The United States will maintain its embassy in Cuba with the minimum of personnel starting Sunday after the expiry of the departure status since on September 29 last year due to the alleged attacks suffered by 24 of its citizens on the island.
A “new permanent staffing plan” will take effect on March 5 with which the embassy “will continue to operate with the minimum personnel necessary,” “similar to the level of emergency staffing maintained during ordered departure,” the Department of State announced today in a media note.
“The embassy will operate as an unaccompanied post, defined as a post at which no family members are permitted to reside,” the note adds.
The embassy in Cuba will thus operate “permanently” with the “minimum personnel necessary to perform core diplomatic and consular functions.”
On September 29 last year the United States issued a warning requesting that its citizens not travel to Cuba and ordered the exit of the embassy’s non-essential personnel due to the alleged attacks suffered by its citizens on the island.
“We still do not have definitive answers on the source or cause of the attacks and an investigation into the attacks is ongoing,” the Department of State said today.
“The health, safety, and well-being of U.S. government personnel and family members are of the greatest concern for Secretary [of State Rex] Tillerson and were a key factor in the decision to reduce the number of personnel assigned to Havana,” it added in the note.
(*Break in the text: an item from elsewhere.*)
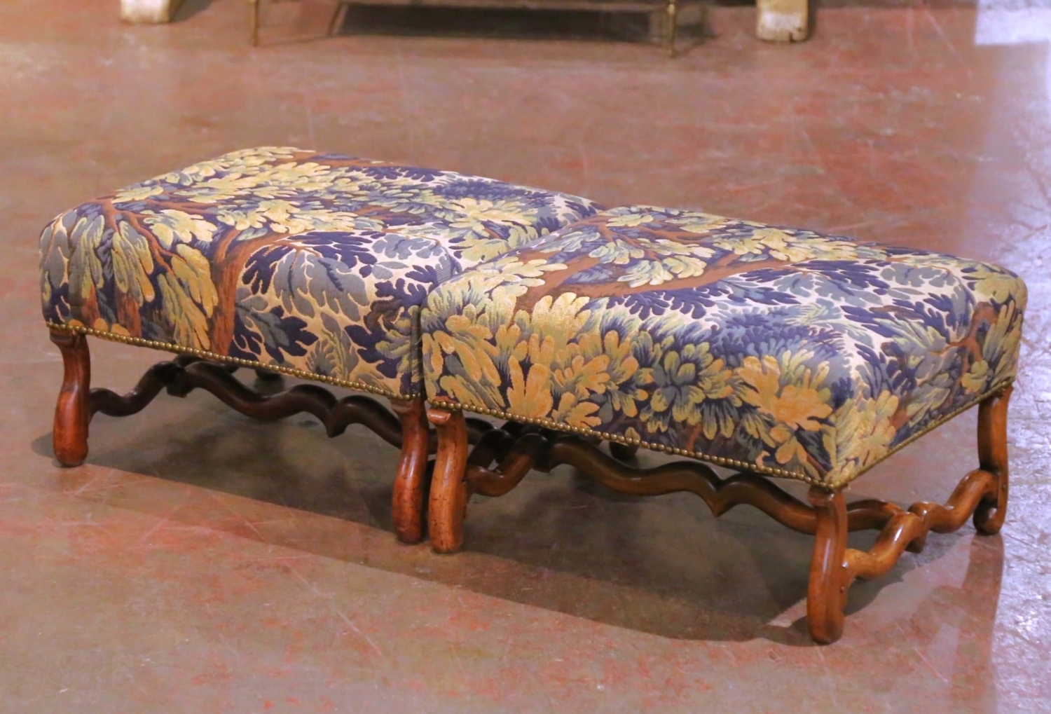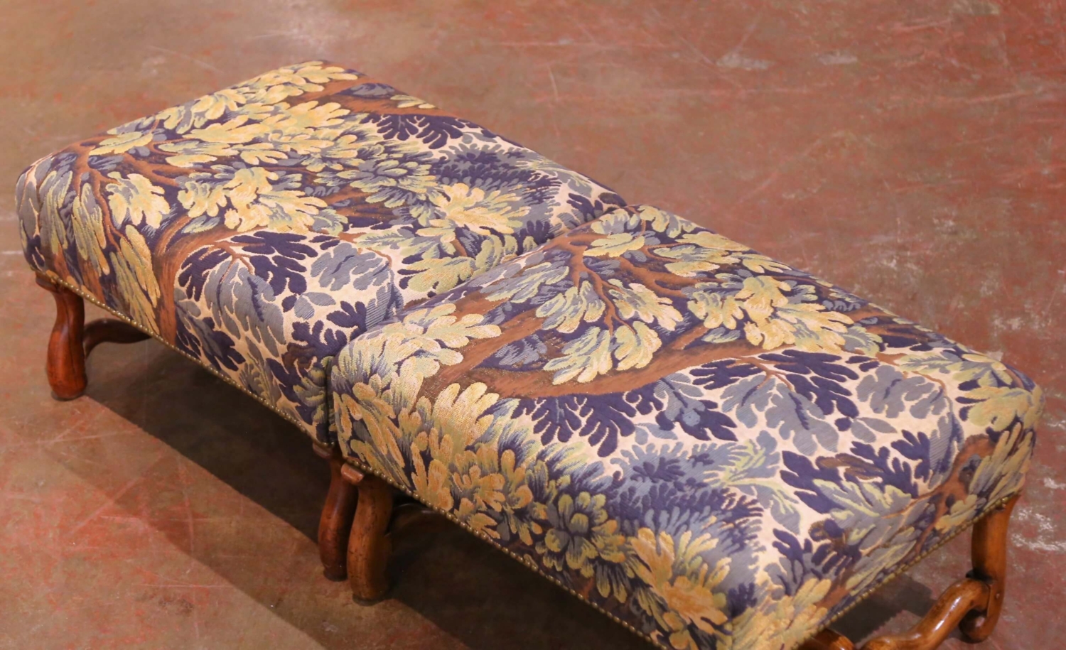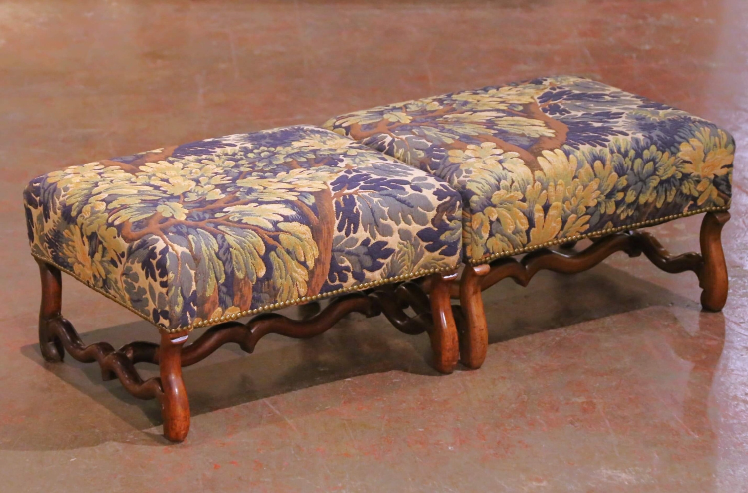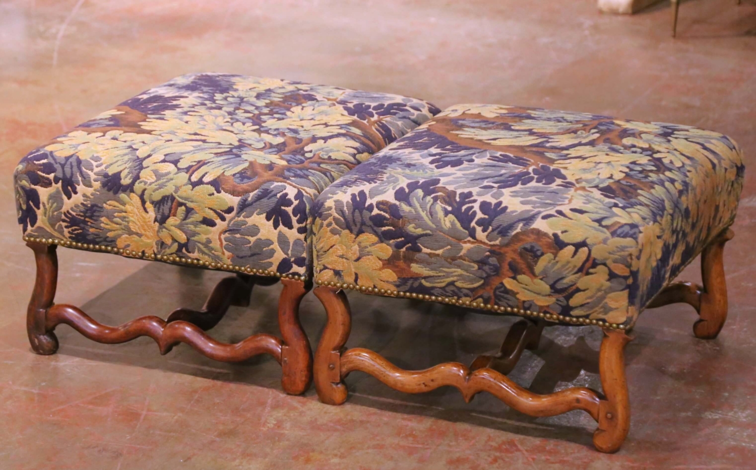 A handsome pair of antique French stools crafted in solid walnut circa 1880, reflecting the robust and sculptural character of the Louis XIII style. Each stool rests on turned legs joined by an undulating H-form stretcher, a hallmark of the period that adds both structural integrity and visual movement. The wood presents a warm and rich walnut patina, beautifully highlighting the natural grain and age. The seats are upholstered in a tapestry fabric featuring a dense foliate and tree motif in deep blues, ochres, and muted greens, lending a classic, decorative presence. Finished with brass nailhead trim, the upholstery complements the strong architectural lines of the bases while adding texture and color. The proportions are generous and comfortable, making them ideal as footstools, low seating, or as accents in front of a pair of chairs or a sofa. This pair of antique stools is in excellent condition commensurate with age and use, with minor wear to the wood and upholstery consistent with their age. Dimensions: 25.5″W x 22″D x 15″H

James Williams, president of the Engage Cuba coalition, said in a note that perhaps those who most lose will be hundreds of thousands of Cubans and Cuban Americans who make round trips to see their family, celebrate events and care for sick family members, since the U.S. cannot adequately process the visas and facilitate the trips. He concluded by saying that they implore Secretary Tillerson to not abandon the Cuban people in this critical moment.
U.S.-Cuba relations are going through a very delicate moment because Washington accuses Havana of knowing who perpetrated between November 2016 and August 2017 the alleged attacks against its officials – and their families – and does not tell them, in addition to not having protected them adequately, but the Cuban government denies it.
For months, the United States described these attacks as “sonic,” but in a Senate hearing last January 9 the Department of State admitted for the first time that it was not certain that they were acoustic attacks.
Apart from the officials, the Department of State has reported that 19 Americans who visited Cuba as tourists have reported since September the same symptoms as the diplomats.